Critical Appraisal: Strengths and Limitations
What Works Exceptionally Well
- Voice and interiority: Jessica’s narration is layered, self-reflexive, and often startlingly honest.
- The depiction of psychological grooming: Without veering into melodrama, Harding captures the slow, subtle encroachments of control—especially in how Mark draws Linda into his orbit.
- Atmosphere: The gothic academia setting is not just backdrop but thematic reinforcement. The dreamy, cerebral environment becomes a stage for emotional and moral breakdown.
What Could Be Improved
- Pacing in the middle: The narrative occasionally lingers too long in its atmospheric introspection, slowing the forward momentum. Some scenes, particularly those involving philosophical banter, feel repetitive in service of themes already well-established.
- Character overload: Secondary characters such as Jacques and Jonathan are well-drawn but underutilized. Their relationships to the central trio could have added more dimension had they been more tightly woven into the climax.
Still, these are minor critiques in a novel that otherwise holds its emotional center with authority.
Comparison with Similar Works
Readers who loved The Secret History by Donna Tartt or Bunny by Mona Awad will feel right at home with The Wildelings by Lisa Harding. Its exploration of elite intellectual circles, gendered power dynamics, and psychological disintegration places it squarely within that canon.
Lisa Harding’s Bright Burning Things was a powerful look at addiction and motherhood; Harvesting dealt with human trafficking and resilience. The Wildelings by Lisa Harding, in contrast, is more intimate but no less intense—a dark gem of female relationships and formative betrayals.
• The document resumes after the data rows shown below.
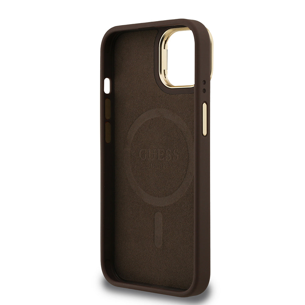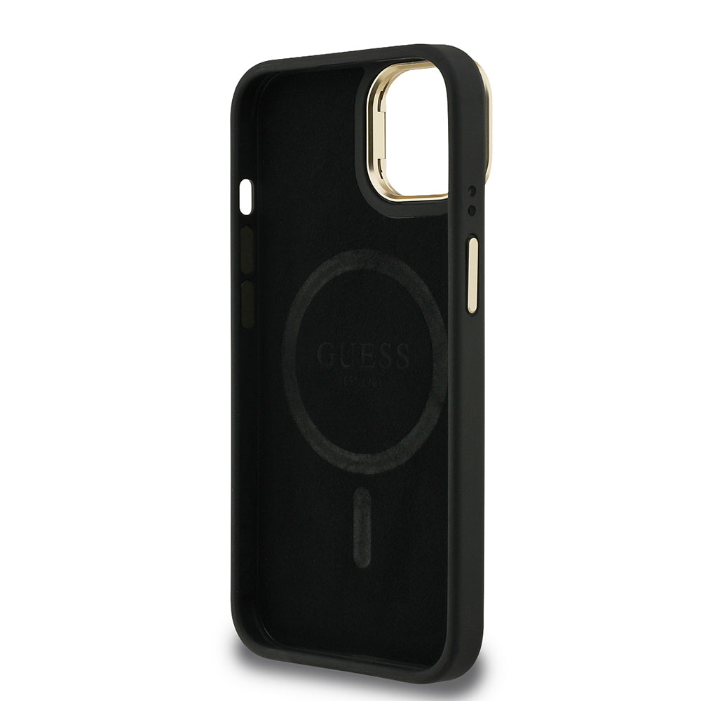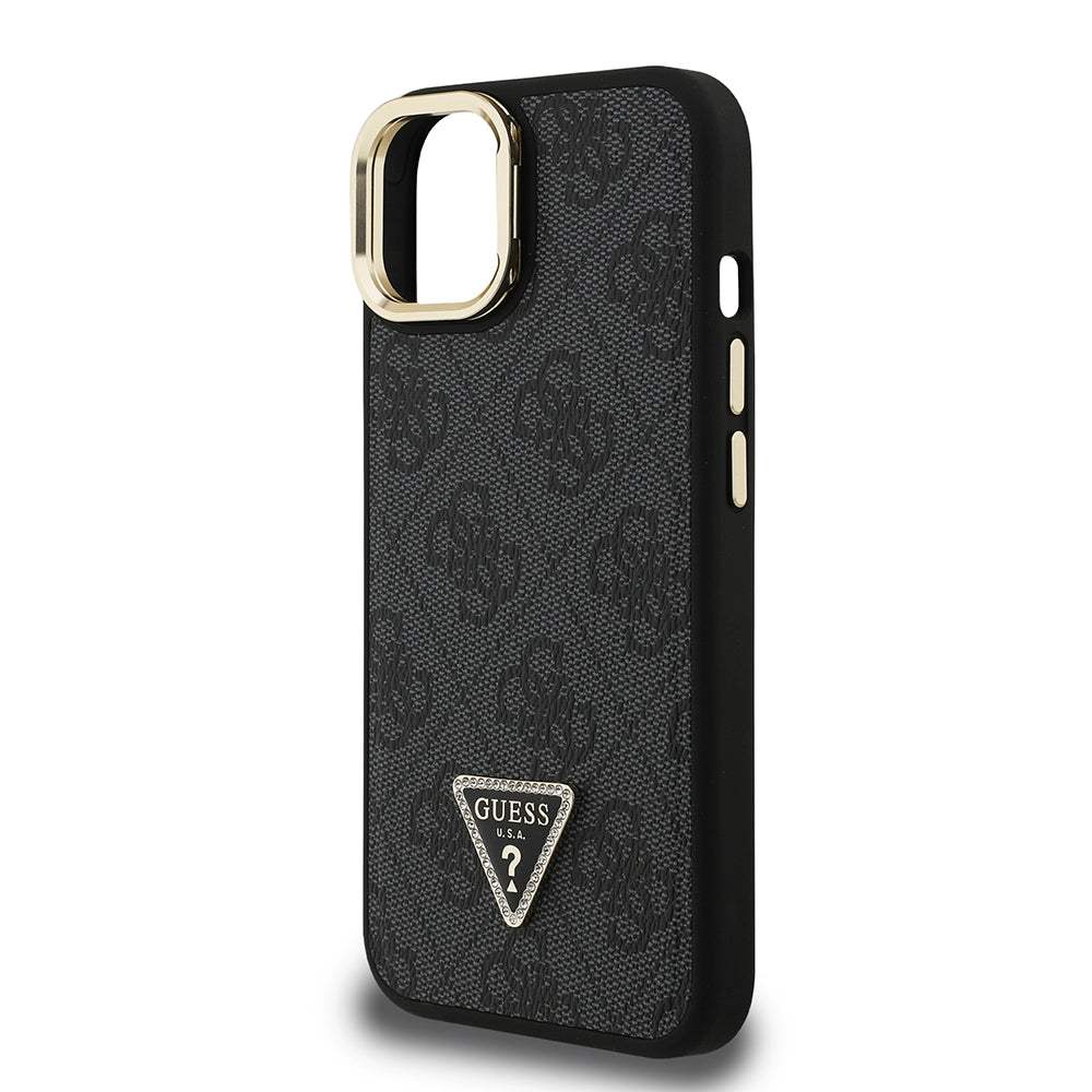 iPhone 15 Kılıf Guess Orjinal Lisanslı PU Deri Taşlı Üçgen Logo 4G Desenli Kamera Standlı Kapak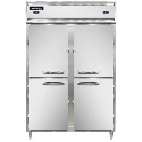 Equip your commercial kitchen with the Continental Refrigerator D2RFNSSPTHD, a top-of-the-line pass-thru refrigerator freezer. This designer line unit is perfect for busy restaurants that require efficient and reliable refrigeration. With its stainless steel exterior and interior, this refrigerator freezer not only looks sleek but is also easy to clean and maintain. The narrow half-height solid doors provide easy access to the contents while minimizing the amount of space needed for opening and closing. The electronic control with a digital display allows for precise temperature management, ensuring that your food stays fresh and safe. The hi-low alarm alerts you if the temperature goes outside the desired range, preventing any potential spoilage. With dual 1/4 & 1/3 HP compressors, this unit provides powerful and consistent cooling. Trust Continental Refrigerator to deliver high-quality refrigeration solutions for your commercial kitchen.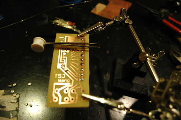 Un cojín de todos los LEDs en la placa de la soldadura.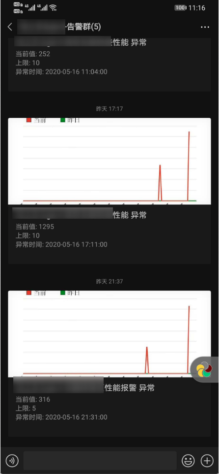 还有一个业务和性能监控报警也是很有用的,比如监控后端接口性能,数据渲染时间,这个对整个小程序产品的品控很有用,比如要求高频后端接口必须在300ms以下的性能要求,当达不到这个性能的时候就会发送报警。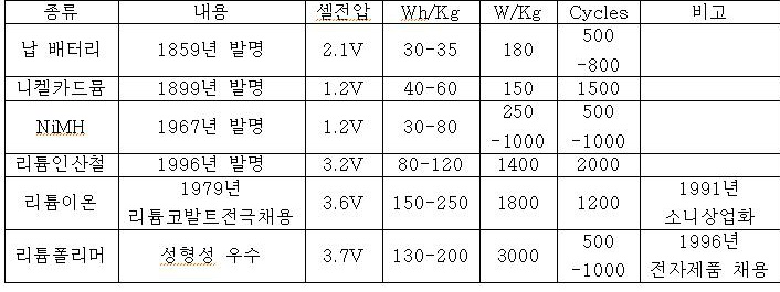중량 당 파워 측면에서 리튬 폴리머의 50% 수준이다. 하지만 충전수명에서 2배의 성능을 보여 주는 것으로 알려져 있다.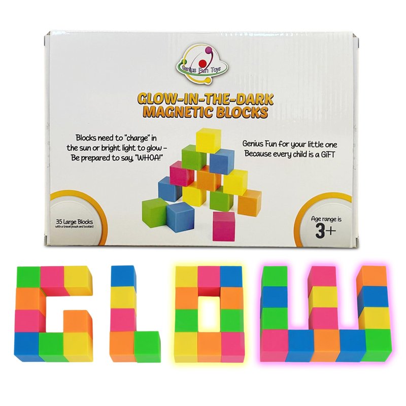 Genius Fun Toys Magnetic Blocks for Toddlers: Engage your child with these glow-in-the-dark magnetic building blocks for endless fun and learning! These toddler magnetic toys glow brilliantly in the dark, transforming playtime into a captivating experience - even in low light. Crafted with high-quality materials and safety in mind, these fluorescent STEM building blocks for toddlers 1-3 feature smooth, rounded edges and strong magnets for safe, hassle-free play while standing up to hours of building and unbuilding. These magnetic blocks for kids ages 3-5 are not just fun - they help foster critical thinking, problem-solving, spatial reasoning, and imaginative play, while nurturing STEM skills and fine motor development. Perfect for tactile exploration, these magnetic toys for toddlers 1-3 make excellent sensory-friendly toys for creative learning. The building sets for kids include 35 magnetic cube blocks (1.38 x 1.38 x 1.38” each), a travel pouch, and an instruction manual - making it the ideal educational gift for children ages 3 and beyond. These sensory building blocks are designed for creativity, imagination, and skill-building, which makes them a perfect addition to any toy collection! About Us: Genius Fun Toys is a small, USA-based, and family-owned business. We love designing convenient and thoughtful products like these Montessori magnetic blocks that you can use in your daily life for your children. This set of kids magnetic building blocks is an effort to do just that. We hope you love our building blocks for kids ages 4-8 as much as we do. Thank you for supporting our family business!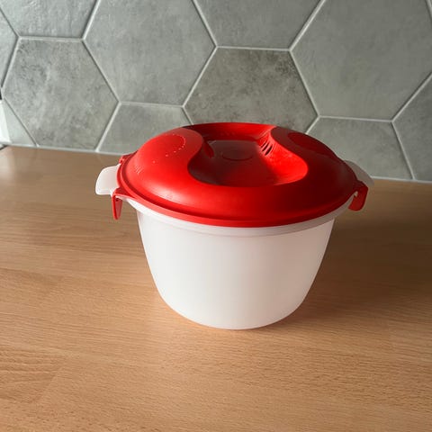 Rød beholder til å bruke i mikrobølgeovn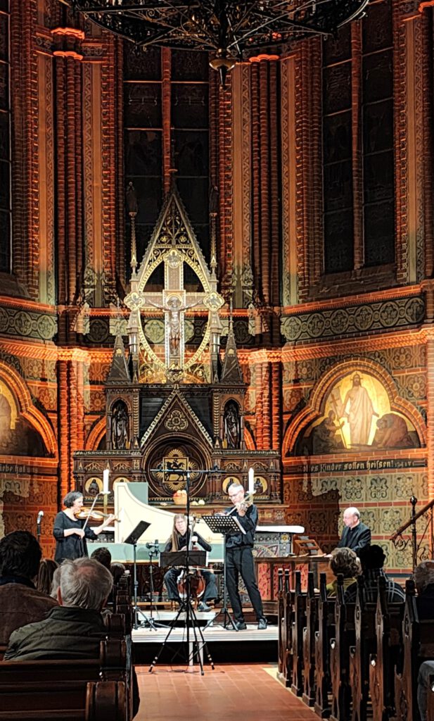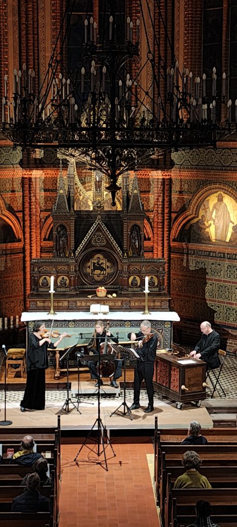 Das Barockensemble Incontro spielt in diesem Konzert in der reizvollen Besetzung Julia Huber (Barockvioline), Alexandra Kraus (Flauto dolce), Isabell Müller-Hornbach (Barockvioloncello) und Christian Pfeifer (Cembalo und Truhenorgel). Dieses Programm öffnet uns ein Fenster in eine Welt, in der Musik als Spiegel menschlicher Empfindungen verstanden wurde: mal innig und zart, mal voller Glanz und Energie. Auf dem Programm stehen Werke von Purcell, Bull und Rossi. Der Eintritt ist frei, Spenden werden erbeten.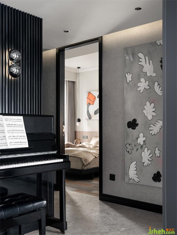 黑色木格柵墻面、黑色門框和踢腳線,與鋼琴遙相呼應。在裝修前娜姐夫婦就詢問了小沈同學的喜好。除了孩子房間,家里很多細節(jié)都征詢了每位家庭成員的意見。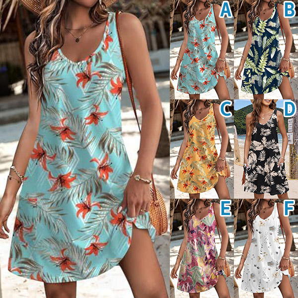 This is a charming and versatile dress that combines a round neckline, sleeveless design, and a vibrant floral print for a casual and feminine look.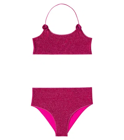 Oséree Kids Lumière Lamé Bikini In Fuxia Lurex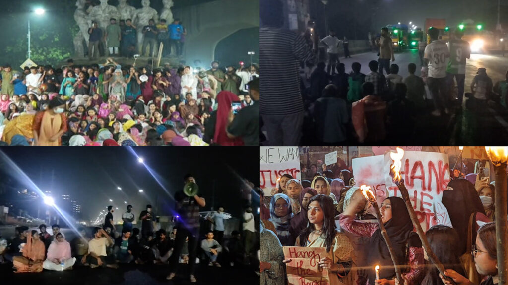 আমার সোনার বাংলায় ধর্ষকদের ঠাই নাই স্লোগানে মধ্যরাতে হঠাৎই উত্তপ্ত হয়ে ওঠে ঢাবি ক্যাম্পাস। তুমি কে, আমি কে? আছিয়া…আছিয়া স্লোগানে স্লোগানে মুখরিত হয়ে ওঠে পুরো ক্যাম্পাস।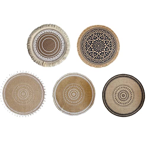 Napperon rond tissé franges jute 38 cm table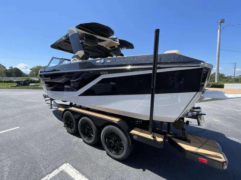 2026 Nautique G23, 2026 Nautique G23 Experience the unparalleled luxury and performance of our 2026 Nautique G23 . The G23 has been designed with the most innovative technology and unparalleled craftsmanship, making it the ultimate in water sports luxury. Versatility and Performance: The Nautique G23 effortlessly combines versatility and performance. No matter whether your preference is wakeboarding, water skiing, or surfing, the G23's industry-leading surf system provides perfectly sculpted waves and wakes. With its high-tech hull design, this boat maximizes comfort and stability, even at high speeds. Ample Space: Comfortably accommodating up to 16 people, the G23 offers plenty of space for friends and family. Its intelligently designed seating area allows for an abundance of storage room for all your watersports gear. Sophisticated Features: No detail has been overlooked in the G23. The helm features a modern, easy-to-use dashboard with touchscreen controls, creating a user-friendly experience. Exceptional on-board amenities include a premium sound system, built-in coolers, adjustable rear-view mirrors and customizable LED lighting to set the mood for any outing. The 2026 Nautique G23 is not just a boat; it's an adventure beyond compare. Step aboard, discover its beautiful details and powerful features, and see for yourself why it's the pinnacle of watersports luxury.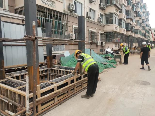 天通苑北街道白坊村是今年加装电梯工作的重点区域之一。现场,伴随着机器的轰鸣声,施工人员正在进行其中一栋楼的电梯基坑浇筑作业。与此同时,其他工人正清理着基坑周围的建筑垃圾,为下一步开展电梯井钢结构的安装和楼体的改造工程做好准备。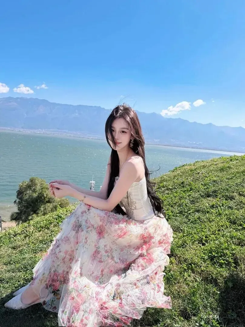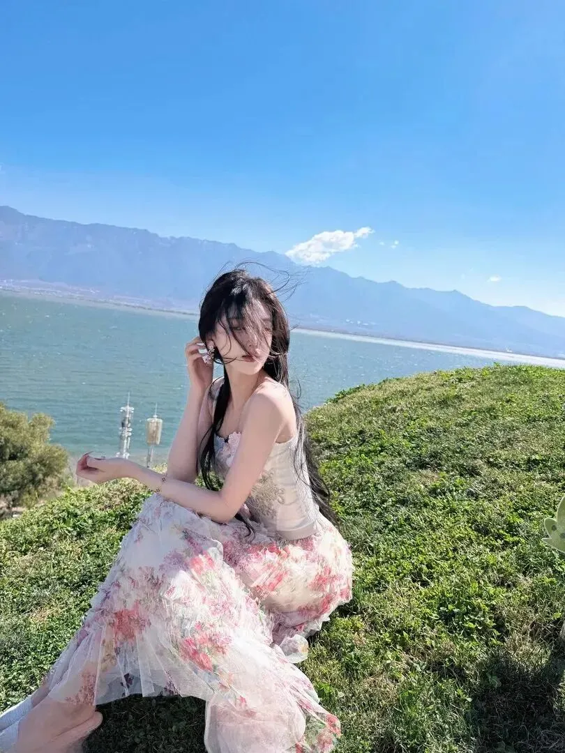 接下来介绍一下我最喜爱的一套湖畔造型。她挑选了粉色渐变的薄纱长裙,上面有各种各样的花卉图案,远远望去就像是春天的衣服。上衣为米白色蕾丝抹胸吊带,在其上部的上端处有两条不同的颜色(蓝色和米白两种),并且它们用缝纫线穿在一条线上的位置,形成了“双色”蕾丝效果,非常漂亮!总之这身穿着适合在湖边散步,它的飘带似人行于风景当中游曳。穿搭不需要太复杂,简单一些反而更治愈。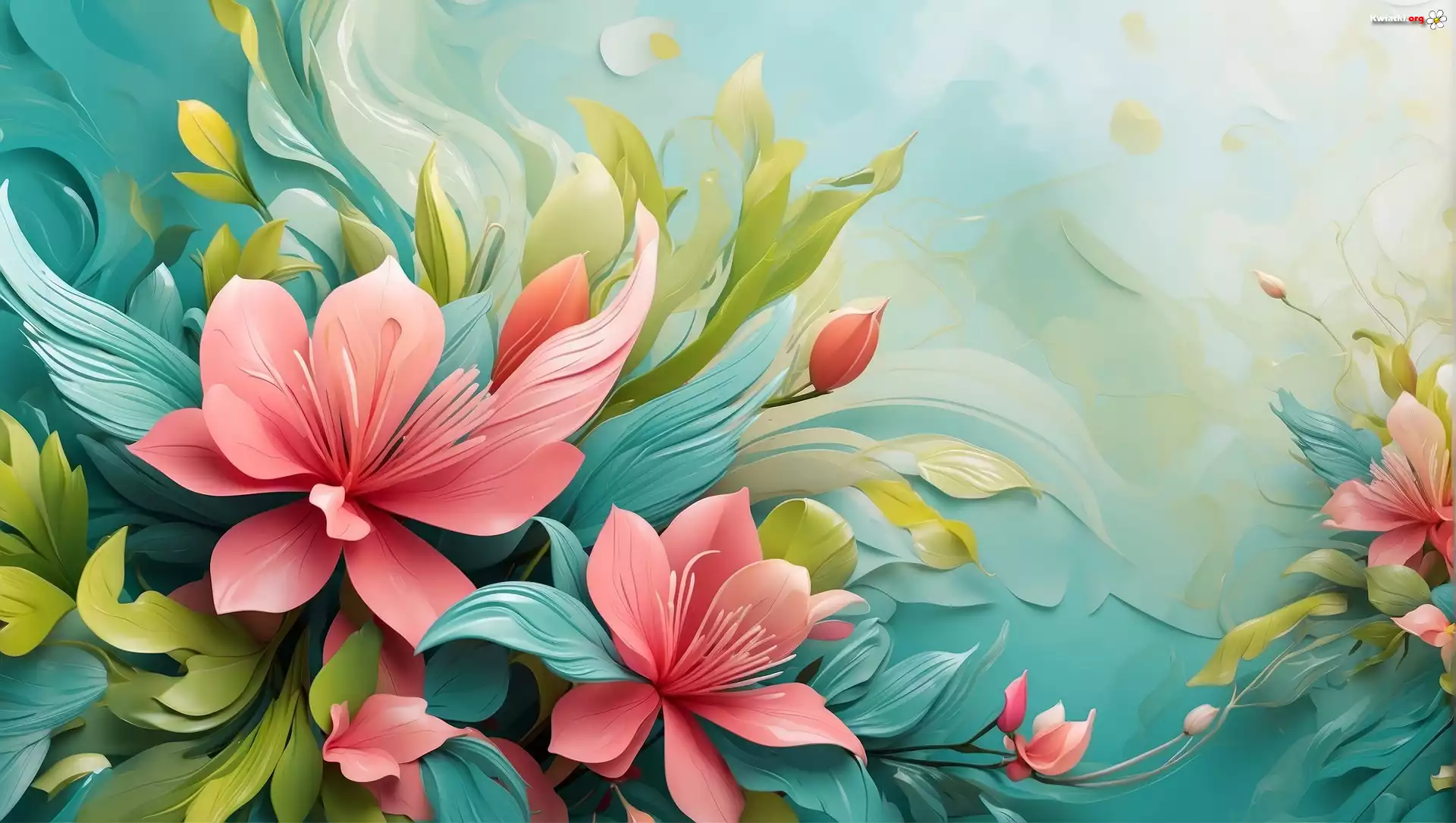 Kwiat Grafika, 2D, Kwiaty, Liście, Wzory, Tło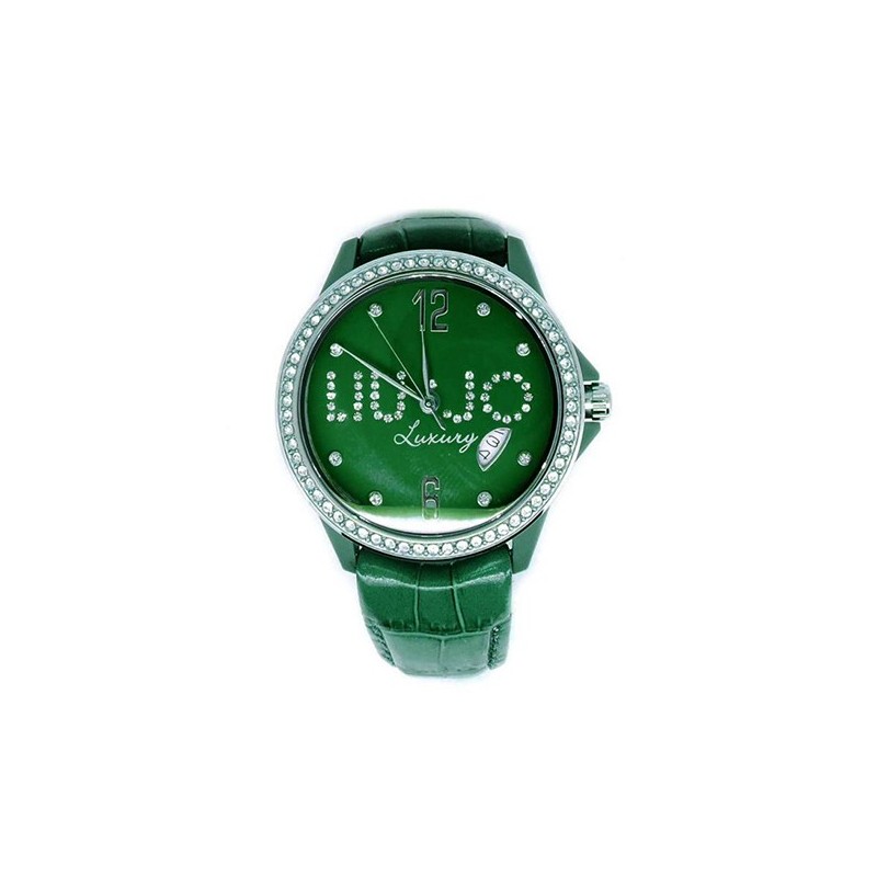 Orologio Liu Jo donna della collezione Colortime regular con movimento al quarzo, cassa in policarbonato color verde mm 37 , quadrante verde con funzione solo tempo, display analogico con lunetta in acciaio con cristalli bianchi, vetro minerale, indici e logo in cristalli bianchi, resistente all'acqua 5 ATM, cinturino in pelle colorata verde stampa cocco.

Final Verdict: A Chilling and Tender Triumph
The Wildelings by Lisa Harding is an unflinching exploration of identity, trauma, and betrayal dressed in the velvet and ink of Dark Academia. It is a cautionary tale about the seductions of charisma and the perils of abandoning the self for belonging. Harding’s greatest achievement is how she maps the landscape of young womanhood—not in simplistic binaries of strong or weak, right or wrong—but in all its chaotic yearning.
This is a novel to savor and be unsettled by, a book that lingers like the memory of a friendship that changed you—utterly, irrevocably.